Under tax reform, part of the Child Tax Credit remains nonrefundable but the “old” Additional Child Tax Credit, which was refundable, has essentially been merged into the new credit. I know that sounds confusing but what it means is that the Child Tax Credit is just one credit worth up to $2,000 per child and includes a refundable piece of up to $1,400 per child. To be clear, the $1,400 refundable piece is included as part of the $2,000 Child Tax Credit and is not an additional credit (unlike before).

A refundable credit means that you can take advantage of the credit even if you do not owe any tax. Unlike with a nonrefundable credit, if you don’t have any tax liability, the “extra” credit is not lost but is instead refunded to you. To claim the refundable portion, you must have earned income (generally, wages, salary, tips, and net earnings from self-employment). For purposes of the new Child Tax Credit, the refundable portion is equal to 15% of your earned income which exceeds $2,500 up to the maximum credit.
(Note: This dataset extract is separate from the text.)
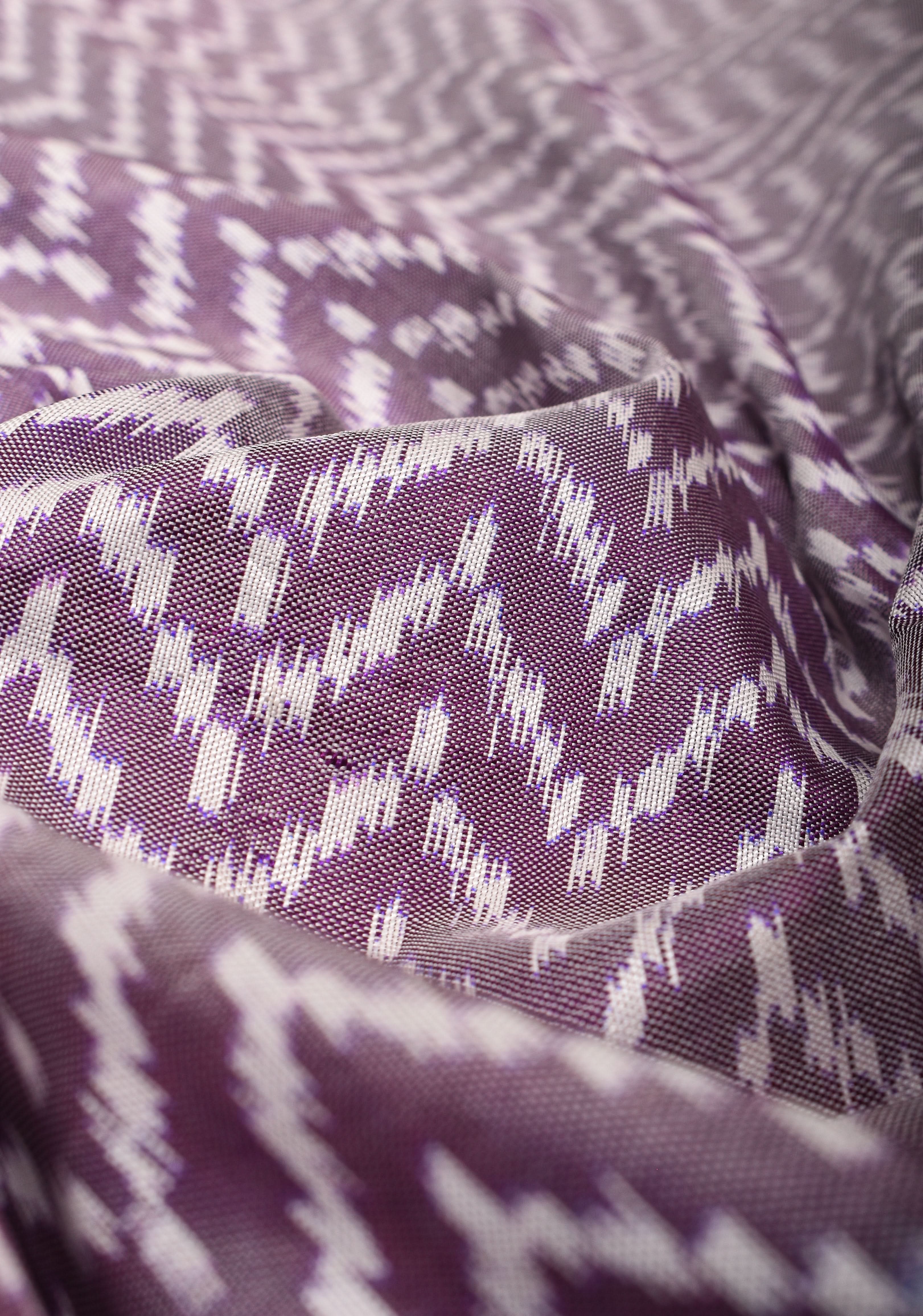 Rich Zari weaving with Zari borders showcases the beauty of the regal Kanjivaram zari weave! Prominent Ikkat panels on both sides adjacent to the zari panel make sure that the Ikkat weave stand out when you drape them and the colors gray, purple, and gold - a rare combination come together beautifully! The pallu is equally resplendent with rich zari weaving.Â

Let’s do the math. Say your earned income is $10,000 and let’s assume that you are entitled to the entire $2,000 credit. However, at that income level, you likely don’t owe any tax. With a nonrefundable credit, that wouldn’t mean anything to you. However, with the refundable piece of the credit, you can pocket up to $1,125 since $10,000 (your earned income) less $2,500 x 15% = $1,125.

What if, instead, your earned income was $50,000 and your tax owed was $5,000? You would be entitled to the entire $2,000 nonrefundable credit – no need to do the math on the refundable piece. A nonrefundable credit reduces what you owe, it just can’t reduce your liability below zero. So after you apply the $2,000 credit, your tax liability is reduced to $3,000. Easy, right?

But what if you had already paid $5,000 as withholding? Do you lose the credit or the withholding? NO. Don’t read too much into the word “nonrefundable” – it only means you can’t reduce your tax burden below zero but it doesn’t negate an overpayment. Think of nonrefundable credits as tax reductions and refundable credits as payments – that’s more or less how they appear on your form 1040.

If you have three or more qualifying children, you can use an alternative formula to determine the refundable portion. Under the alternative formula, the refundable portion is equal to the amount by which your Social Security taxes (those taken out of your wages or paid out as self-employment taxes) exceed your earned income credit (sometimes called EIC or EITC).

The credit is limited if your modified adjusted gross income (MAGI) is above a certain amount. The amount at which this phase-out begins varies depending on your filing status. For married taxpayers filing a joint return, the phase-out begins at $400,000 and it is $200,000 for all other taxpayers (note there is no separate threshold for HOH). Phase-outs means that the credit is reduced as your income increases. In this case, the reduction is $50 for each $1,000 by which your MAGI exceeds the threshold amount.

Here’s a quick example of how the phase-outs would work. Let’s assume that as a single taxpayer, you are entitled to a credit of $2,000 but your income is above the $200,000 threshold: it’s $201,000. Your credit would be reduced by $50 (because you’re $1,000 over the threshold amount) so that your available credit is $1,950.

As your income climbs, the credit disappears completely. So, as a single taxpayer making income over $240,000, your credit is reduced by $2,000, bringing the available credit to zero (40 x $50 = $2,000).

Under tax reform, the child credit also includes a $500 non-refundable credit for qualifying dependents other than qualifying children. This has been referred to as a “family credit” and allows you to claim a credit for other dependents in your household that don’t meet the definition of qualifying child. The credit is clearly intended to make up for the fact that you no longer have the ability to claim other dependents like your parents on your tax return as personal exemptions since those have been eliminated. For purposes of the additional non-refundable “family” credit, the definition of dependent still generally applies but there is no requirement to provide an SSN (you’ll still need a taxpayer ID number).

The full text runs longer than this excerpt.